Americas Trade Plan 'Dead,' Venezuela's Chavez Says
    Reuters
    April 2, 2004

    CARACAS, Venezuela (Reuters) - Venezuelan President Hugo Chavez said on Friday a U.S. plan to create a Free Trade Area of the Americas was "dead" after the suspension of scheduled talks on the project he fiercely opposes.

    The next formal trade negotiations between the 34 Western Hemisphere nations were to have been held in late April but officials said Thursday they were being suspended due to slow progress on sensitive issues like farming, services and market access. No new date was set.

    "It's a fact, the FTAA is dead," Chavez said during a ceremony to mark the signing of planned economic projects in Venezuela involving Chinese and Portuguese companies.

    "Rest in peace, thank God, it's for the good of our people," the left-wing Venezuelan leader said.
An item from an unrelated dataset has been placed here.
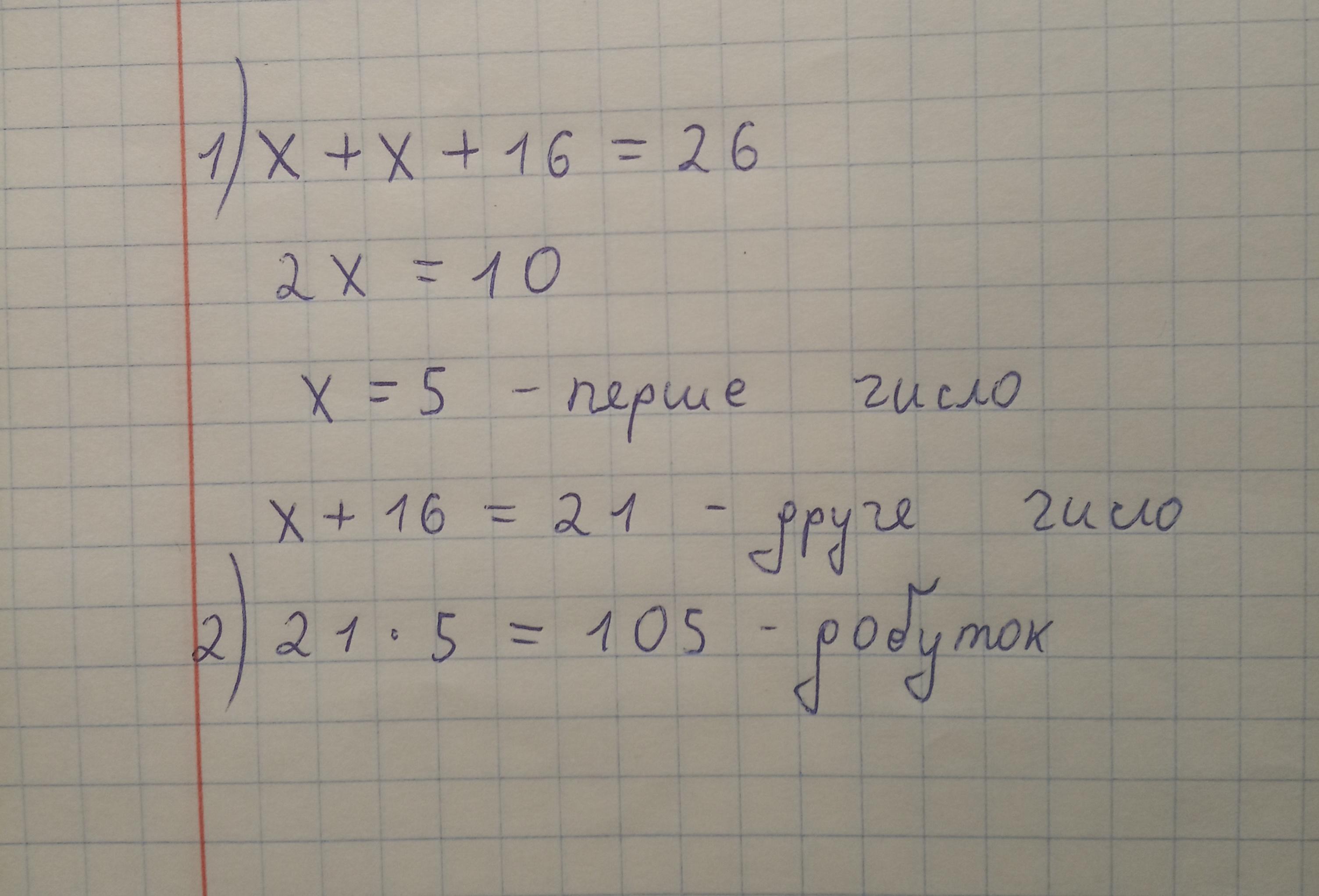 Знайдіть два числа, якщо їх сума дорівнює 26, і одне більше від іншого на 16. Вкажіть, чому дорівнює їх добуток.

He has long condemned the hemisphere-wide trade plan as an "imperialist" plot to extend U.S. domination across Latin America.

    Chavez, an outspoken nationalist who accuses President Bush's government of trying to overthrow him, said Venezuela would attend rescheduled FTAA talks if they were called.

    But he added: "There's nothing more to discuss there."

    The talks broke down in Puebla, Mexico in February and had been rescheduled twice before this latest suspension.

    Negotiations on the FTAA began 10 years ago, but a Jan. 1, 2005 deadline now looms for the creation of the proposed free trade zone stretching from Alaska to Patagonia.

    Chavez argues the FTAA plan will put Latin America's unprepared economies at the mercy of powerful U.S. corporations, "like throwing a pig to an alligator."

    Along with Cuba's Communist President Fidel Castro, who is excluded from the FTAA talks, Chavez is a fierce critic of U.S.-style free market capitalism. His foes accuse him of trying to install communism in oil-rich Venezuela.

    The United States, Venezuela's biggest oil export client, rejects Chavez's charges it is trying to topple him.